Akin to Bermuda, the Cayman Islands is an established offshore investment destination. A leading domicile for investment funds, the Cayman Islands accommodates over 75% of the world’s offshore hedge funds. On top of this, it houses an estimated $1.1 trillion of assets under management.

The British Overseas Territory is renowned for its access to the European Single Market. For many wealth managers, the Cayman Islands offers an environment where they can pool and diversify their capital holdings while at the same time minimising their risk exposure. The added benefits of holding assets in Cayman includes the territory’s tax-neutral framework, transparent judicial system and stable government administration.

Like Bermuda, the Cayman Islands benefits from hosting the offices of the world’s leading financial institutions. Again, this ensures quick decision making and the opportunity for networking should fund managers be seeking to assess all their available future options.

The Channel Islands

Located off the coast of France, the Channel Islands are highly regarded by fund and asset managers as one of the leading financial services centres for private investment funds. The two major islands that fall under the Channel Islands’ jurisdiction are Guernsey and Jersey. While having some elements of European financial regulation incorporated into their legal framework, the Channel Islands also benefit from having autonomous control over their economies.

As a consequence of this, the government has created an environment open to offshore investment opportunities, backed by simple regulation that encourages international capital flows. For example, in Guernsey, individuals and companies pay only a 20% basic rate of tax on investments.

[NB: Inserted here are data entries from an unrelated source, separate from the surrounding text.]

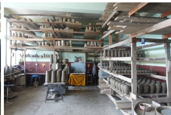
Céramiques de Marginea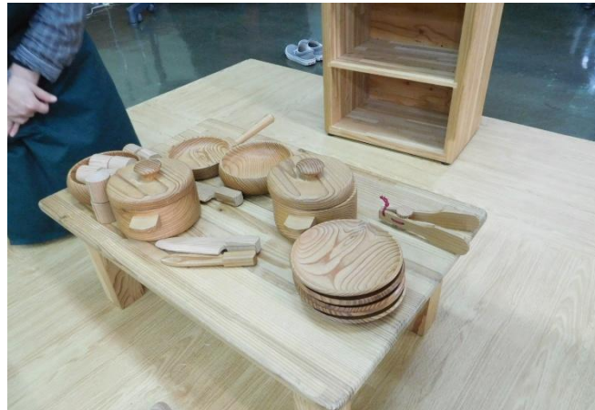
テーブルと食器と食器棚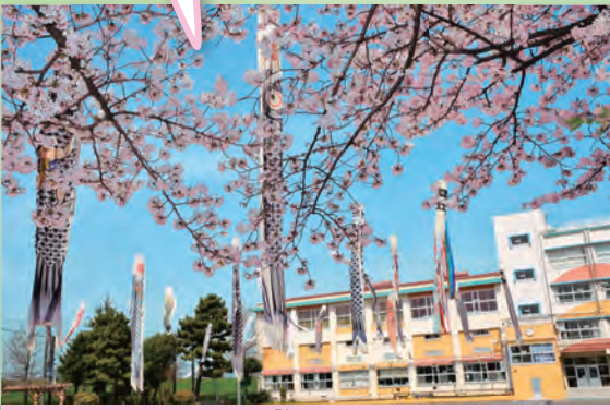
下小岩第二小学校 下小岩第二小学校 鯉のぼり 鉄の人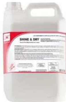
Shine & Dry Secante para máquina de lavar louças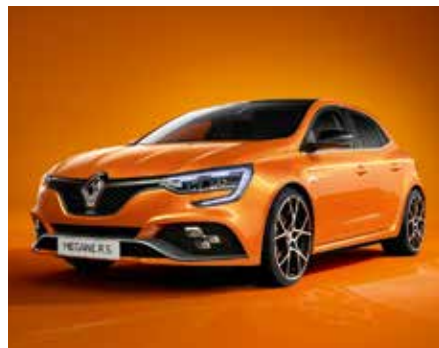
Pezsgő narancs (3)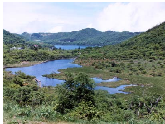
赤城山覚満淵の風景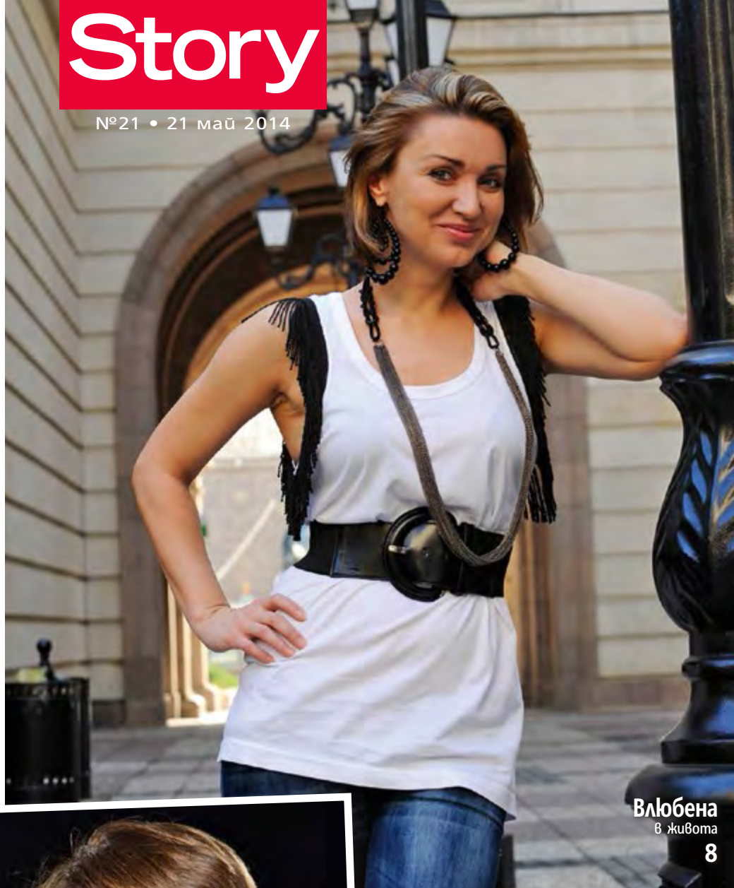
Влюбена в живота 8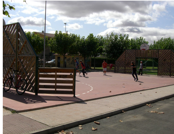
ZONA DE LAS "PARADINAS" DE VILLARRODRIGO DE LAS R. Y PARQUE DE VILLOBISPO DE LAS REGUERAS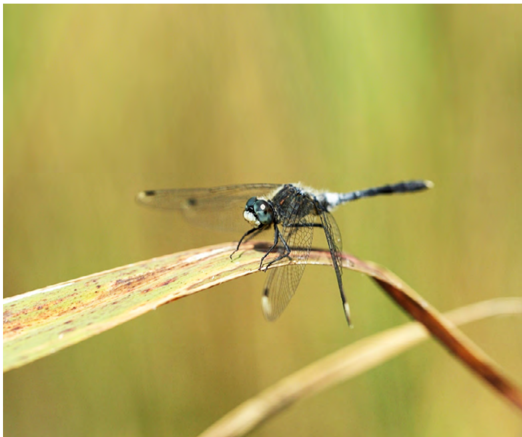
Na Vážkách Nejvýznamnějším druhem na novém chráněném území je vážka běloušá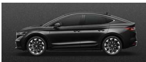
BLACK MAGIC PEARLESCENT METĀLISKA KRĀSA 730 €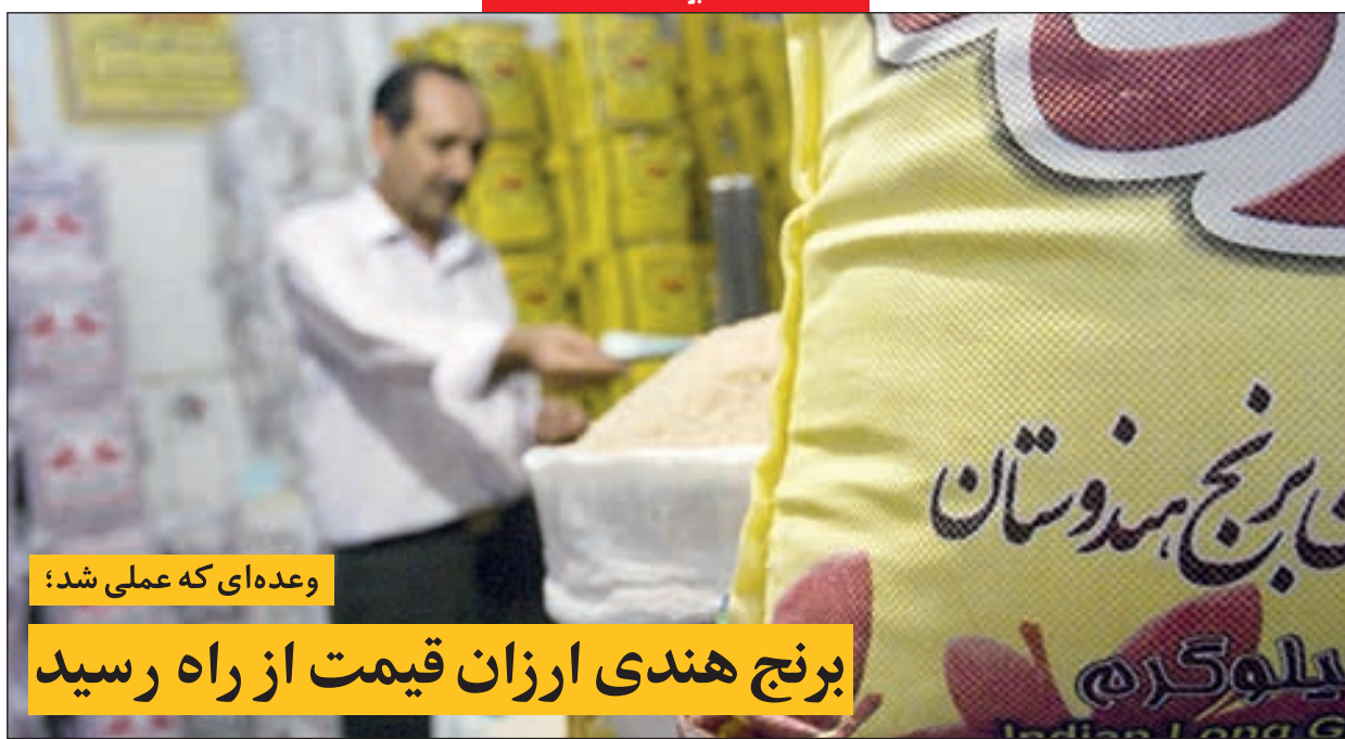
وعده‌ای که عملی شد؛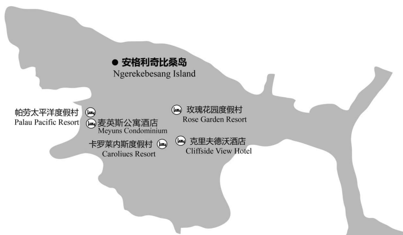
图 1-5 安格利奇比桑岛主要酒店分布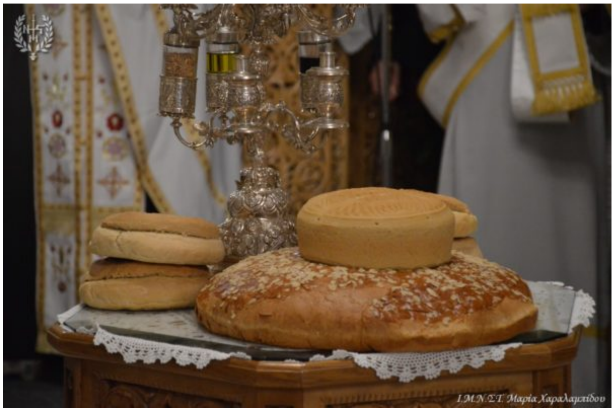
Ι.Μ.Ν.Σ.Τ. Μαρία Χαλαρακίδου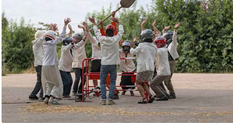
La rentrée culturelle de La Petite Pierre : c'est maintenant !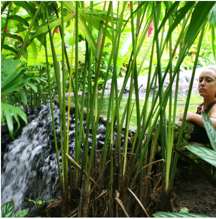
Tropische heiße Quellen, Costa Rica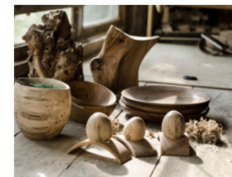
Peter Pan Bois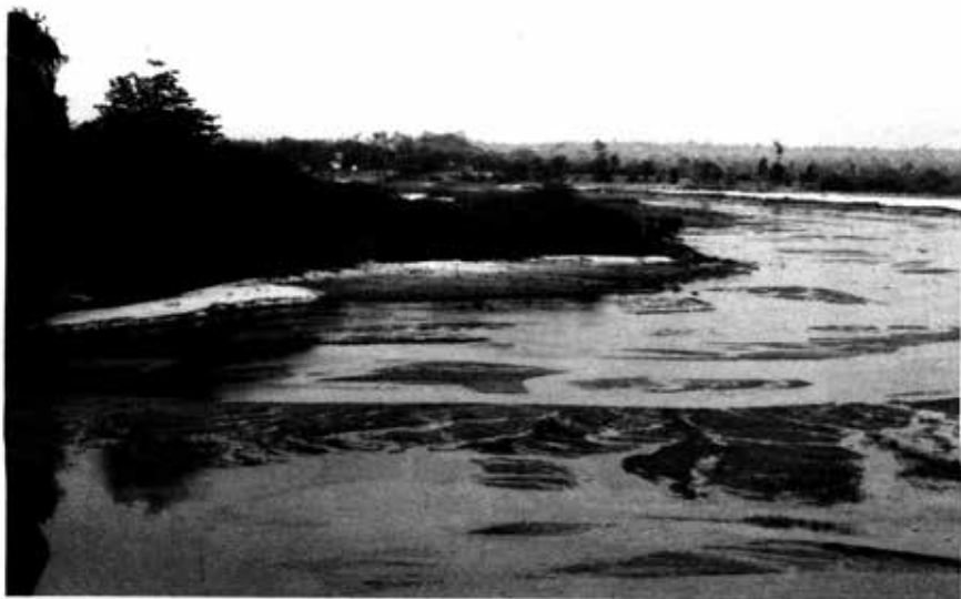
နွေရာသီ ယင်းချောင်း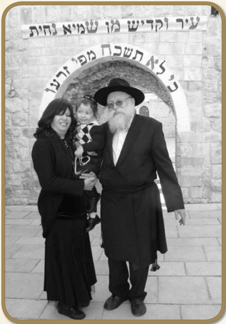
עם סבא וסבתא רוזנברג, במירון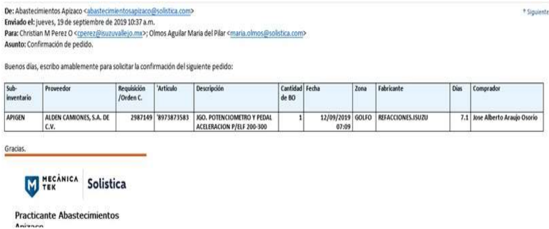
Imagen 4. Ejemplo de falencias en los procesos, Tomado de los archivos del área de compras de FEMSA, 2019

Referente a los procesos es alentador evidenciar que la empresa en general ha mejorado, y más aún en cuanto a los procesos que están relacionados con el departamento de compras. Como se mencionó, este avance en los procesos se debe en gran parte a la auditoría realizada, no es favorable que la empresa conozca la fecha de dicha revisión, ya que previo a ella intentan tener todo lo que debió hacerse en determinados meses, por ello sería favorable que esto sea en fecha sorpresa. Pero se reconoce que mejoro. Antes de dichas auditorias se evidenciaban bastantes irregularidades.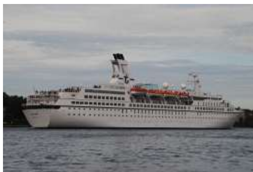
Astor, 2011.09.05.

Rederi: Transocean Tours Byggd: 1987 Längd: 176 meter GT: 20 606 Passagerare: 650 Tidigare namn: Fedor Dostoevskiy Antal anlöp: 3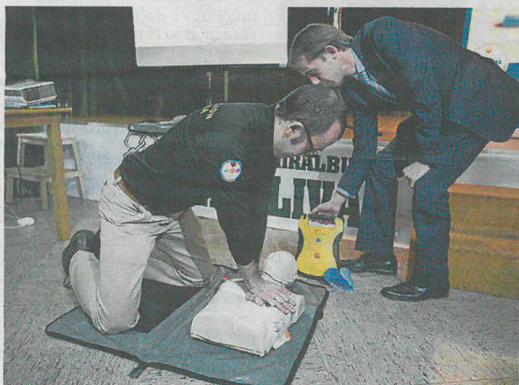
Demostración de primeros auxilios, ayer en el Olivar. ASIER ALCORTA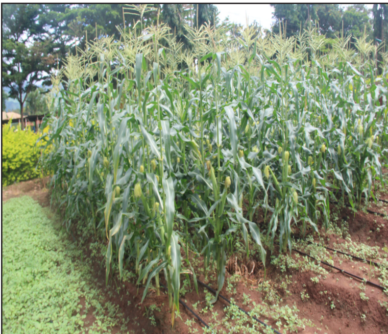
Kitalu cha mahindi ya kisasa kilichopo katika viwanja vya maonesho ya Nanenane Morogoro.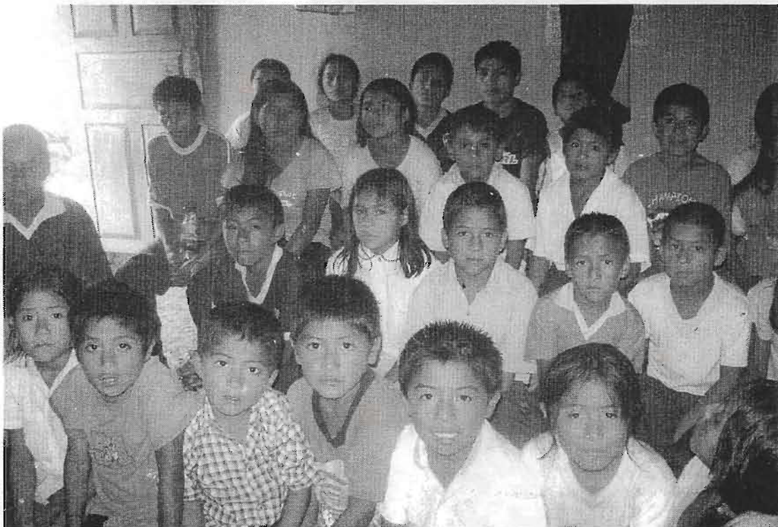
UNA MIRADA CRUDA. Otras evidencias de los vínculos entre la pobreza y la desnutrición crónica revelan que ésta afecta con mayor intensidad a niñas y niños de madres sin nivel de educación (55,1%).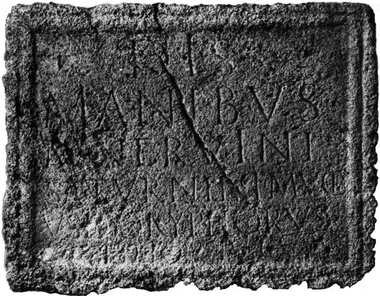
Abb. 1. Windisch, Oelackerstrasse, Grabplatte

mit demjenigen des letzten C vom rechten Rand. Auch hier kann und darf also mit einer zentrierten Zeile gerechnet werden. Das heißt, daß die erste erkennbare Haste links auch wirklich den Zeilenanfang darstellt.

Jersey and Guernsey have been traditionally held in high regard by HNWIs based in Asia. This is because they offer tax neutrality and a range of wealth structuring options, as well as access to highly skilled experts well-versed in asset management.

Preparing for the future

A common factor linking the above markets is the fact that as British Overseas Territories, final judicial recourse is to the Privy Council in London. This is hugely advantageous for investors and wealth managers seeking jurisdictions that have a stable and predictable judicial system in place. Political stability and transparency are extremely important, which is no doubt why some commentators are anticipating a transition of wealth outside of Hong Kong.

Should the current unrest seen in Hong Kong subside, it is possible that there will not be a repeat of the capital fight seen in 1997. If the city commits to either further alignment with China or becoming a proper, fully-fledged democracy, then its position as a prominent Asian investment destination will remain firm. After all, above all else, investors favour certainty and the ability to effectively plan for the future.

If Hong Kong fails to provide these crucial assurances, then the viable offshore alternatives, such as those listed above, should be fully explored by those with Hong Kong-based assets.

Of course, any major financial decision by businesses or individuals should only be pursued after careful, thorough research. Advisory financial institutions and wealth managers with the knowledge and expertise needed for such decision making should absolutely be sought out.